In the op-ed piece “Eminently reasonable,” Brooklyn lawprof David Reiss writes that “using the power of eminent domain to restructure underwater mortgages is constitutional, beneficial and administratively feasible.”

Local governments across the country are considering an innovative use of eminent domain. They propose to condemn underwater mortgages (those that exceed the fair-market value of the home) in their communities and restructure them so that home­owners can afford their payments and so that the new mortgage is for less than the fair market value of the property. If this proposal is implemented, the local government will pay the owner of mortgages of “underwater” homes the fair market value for the mortgages.

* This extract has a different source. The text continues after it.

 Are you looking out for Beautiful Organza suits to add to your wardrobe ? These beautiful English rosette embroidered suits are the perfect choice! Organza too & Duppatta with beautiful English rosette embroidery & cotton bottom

The local government will then restructure each mortgage by reducing the principal amount owed to be in line with a mortgage that would be appropriate for the fair market value of the home. This will result in lower monthly payments. It will also result in a sustainable transaction, one in which homeowners can imagine ultimately paying off their mortgages, the American Dream of owning one’s home free and clear.

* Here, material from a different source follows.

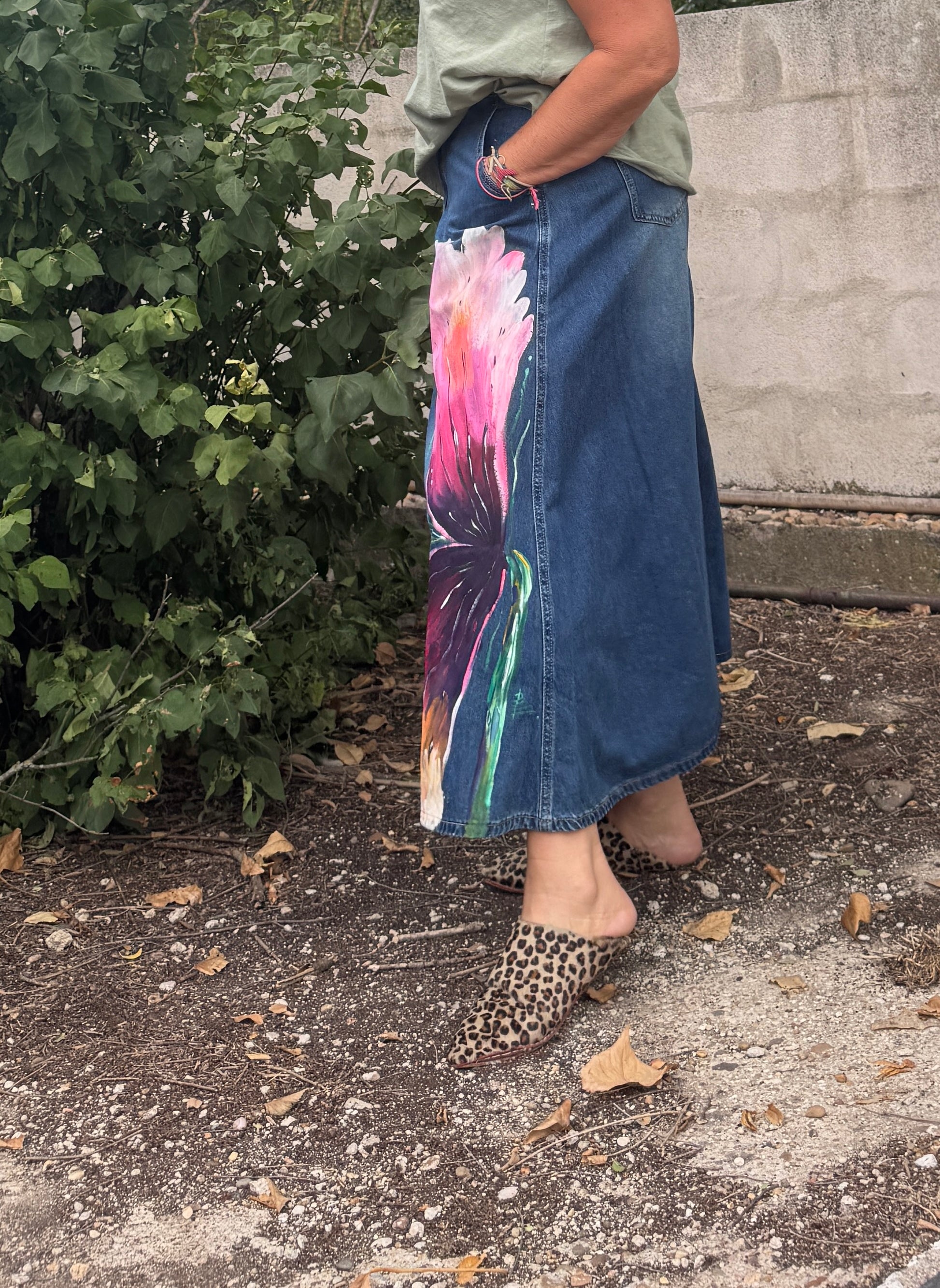 Falda vaquera azul, talla única, bolsillos , goma en cintura

Count us as skeptical. Our skepticism is triggered whenever eminent domain is considered “innovative.”

The rule of law must of course be respected, or else lenders will not believe that they can make money and they will flee that particular market. But eminent domain has long been part of the legal framework of the housing market, referenced in standard mortgage documents. While its large-scale use is an unexpected application, we are in extraordinary times. And given the federal government’s failure to implement a solution to the problems communities face, it is utterly appropriate for local governments to use their intrinsic powers to address this crisis. Really, the worst-case scenario for future residential borrowers is that mortgages may be priced slightly higher to address the remote possibility that a government will use its power of eminent domain during some future emergency.